AmbiX files contain linear PCM data with word lengths of 16, 24, or 32 bit fixed point, or 32 or 64 bit float, at any sample rate valid for .caf. It uses ACN channel ordering with SN3D normalisation.

The basic format of AmbiX mandates a complete full-sphere signal set, the order of which can be uniquely and trivially deduced from the number of channels. Only the minimum header information required by the .caf specification are present and no other metadata is included.
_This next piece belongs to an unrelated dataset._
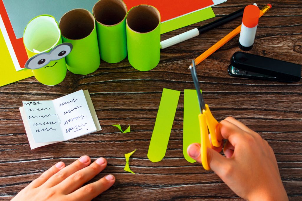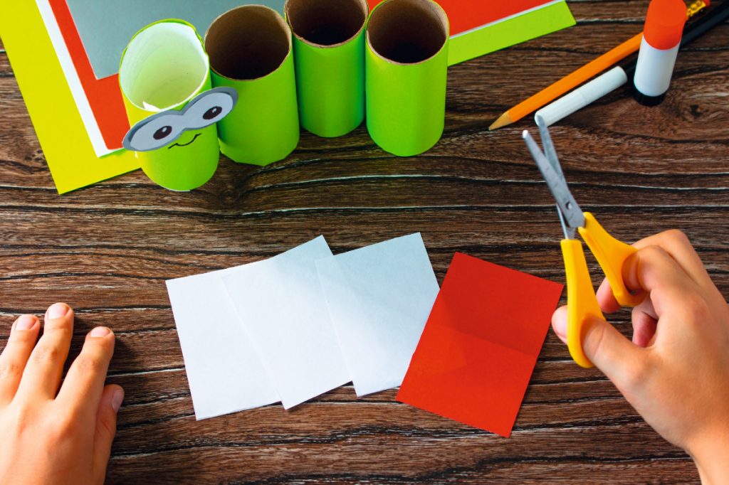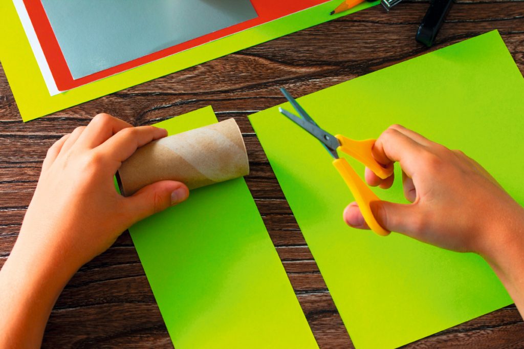 1. Schneide aus dem grünen Tonpapier breite Streifen und klebe sie um die Klopapierrollen.
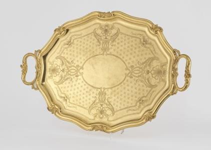 4468. Christofle, grand plateau de service gravé de coquilles et entre...

The extended format is marked by the presence of a User-Defined Chunk with the UUID
1AD318C3-00E5-5576-BE2D-0DCA2460BC89.
(The original specifications used , which is an invalid UUID
).
Additionally, the header now contains an adaptor matrix of coefficients, which needs to be applied to the data streams before they can be played back. This matrix provides a generic way of mapping payloads in any previous format and any mix of orders to canonical periphony, ACN ordering and SN3D normalisation. Theoretically, it can even accommodate sound fields that span only subsets of the sphere.

AmbiX was originally proposed at the Ambisonic Symposium 2011, building upon previous work by Travis and Chapman et al.